Source data:
───

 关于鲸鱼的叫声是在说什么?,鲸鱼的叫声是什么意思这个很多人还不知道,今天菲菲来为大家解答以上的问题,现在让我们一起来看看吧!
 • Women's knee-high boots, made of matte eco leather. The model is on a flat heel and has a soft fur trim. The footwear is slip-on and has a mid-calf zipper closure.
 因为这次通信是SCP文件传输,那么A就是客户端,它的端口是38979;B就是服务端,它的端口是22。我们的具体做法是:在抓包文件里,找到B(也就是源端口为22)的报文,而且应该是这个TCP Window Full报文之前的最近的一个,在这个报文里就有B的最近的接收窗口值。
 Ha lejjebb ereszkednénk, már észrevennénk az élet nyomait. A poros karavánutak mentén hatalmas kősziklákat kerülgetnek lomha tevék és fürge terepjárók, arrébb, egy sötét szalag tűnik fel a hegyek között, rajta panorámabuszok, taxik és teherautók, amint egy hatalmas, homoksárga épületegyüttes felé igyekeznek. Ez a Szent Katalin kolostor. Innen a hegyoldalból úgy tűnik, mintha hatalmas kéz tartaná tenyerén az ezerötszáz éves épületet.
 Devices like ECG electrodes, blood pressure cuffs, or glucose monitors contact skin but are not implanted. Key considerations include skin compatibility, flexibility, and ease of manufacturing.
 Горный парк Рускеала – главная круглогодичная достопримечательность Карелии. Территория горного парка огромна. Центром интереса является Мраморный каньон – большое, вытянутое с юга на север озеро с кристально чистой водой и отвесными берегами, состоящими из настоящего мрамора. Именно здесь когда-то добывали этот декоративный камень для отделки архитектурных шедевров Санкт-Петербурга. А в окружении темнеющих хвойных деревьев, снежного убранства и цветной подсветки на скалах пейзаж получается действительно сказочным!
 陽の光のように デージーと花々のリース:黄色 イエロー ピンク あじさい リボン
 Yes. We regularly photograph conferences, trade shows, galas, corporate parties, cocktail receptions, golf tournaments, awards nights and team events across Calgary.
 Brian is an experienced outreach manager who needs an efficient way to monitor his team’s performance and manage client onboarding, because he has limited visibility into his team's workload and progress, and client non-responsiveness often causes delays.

───

- Description of the task -
Word-for-word copies of all the records are required.

- Task result -
 关于鲸鱼的叫声是在说什么?,鲸鱼的叫声是什么意思这个很多人还不知道,今天菲菲来为大家解答以上的问题,现在让我们一起来看看吧!
 • Women's knee-high boots, made of matte eco leather. The model is on a flat heel and has a soft fur trim. The footwear is slip-on and has a mid-calf zipper closure.
 因为这次通信是SCP文件传输,那么A就是客户端,它的端口是38979;B就是服务端,它的端口是22。我们的具体做法是:在抓包文件里,找到B(也就是源端口为22)的报文,而且应该是这个TCP Window Full报文之前的最近的一个,在这个报文里就有B的最近的接收窗口值。
 Ha lejjebb ereszkednénk, már észrevennénk az élet nyomait. A poros karavánutak mentén hatalmas kősziklákat kerülgetnek lomha tevék és fürge terepjárók, arrébb, egy sötét szalag tűnik fel a hegyek között, rajta panorámabuszok, taxik és teherautók, amint egy hatalmas, homoksárga épületegyüttes felé igyekeznek. Ez a Szent Katalin kolostor. Innen a hegyoldalból úgy tűnik, mintha hatalmas kéz tartaná tenyerén az ezerötszáz éves épületet.
 Devices like ECG electrodes, blood pressure cuffs, or glucose monitors contact skin but are not implanted. Key considerations include skin compatibility, flexibility, and ease of manufacturing.
 Горный парк Рускеала – главная круглогодичная достопримечательность Карелии. Территория горного парка огромна. Центром интереса является Мраморный каньон – большое, вытянутое с юга на север озеро с кристально чистой водой и отвесными берегами, состоящими из настоящего мрамора. Именно здесь когда-то добывали этот декоративный камень для отделки архитектурных шедевров Санкт-Петербурга. А в окружении темнеющих хвойных деревьев, снежного убранства и цветной подсветки на скалах пейзаж получается действительно сказочным!
 陽の光のように デージーと花々のリース:黄色 イエロー ピンク あじさい リボン
 Yes. We regularly photograph conferences, trade shows, galas, corporate parties, cocktail receptions, golf tournaments, awards nights and team events across Calgary.
 Brian is an experienced outreach manager who needs an efficient way to monitor his team’s performance and manage client onboarding, because he has limited visibility into his team's workload and progress, and client non-responsiveness often causes delays.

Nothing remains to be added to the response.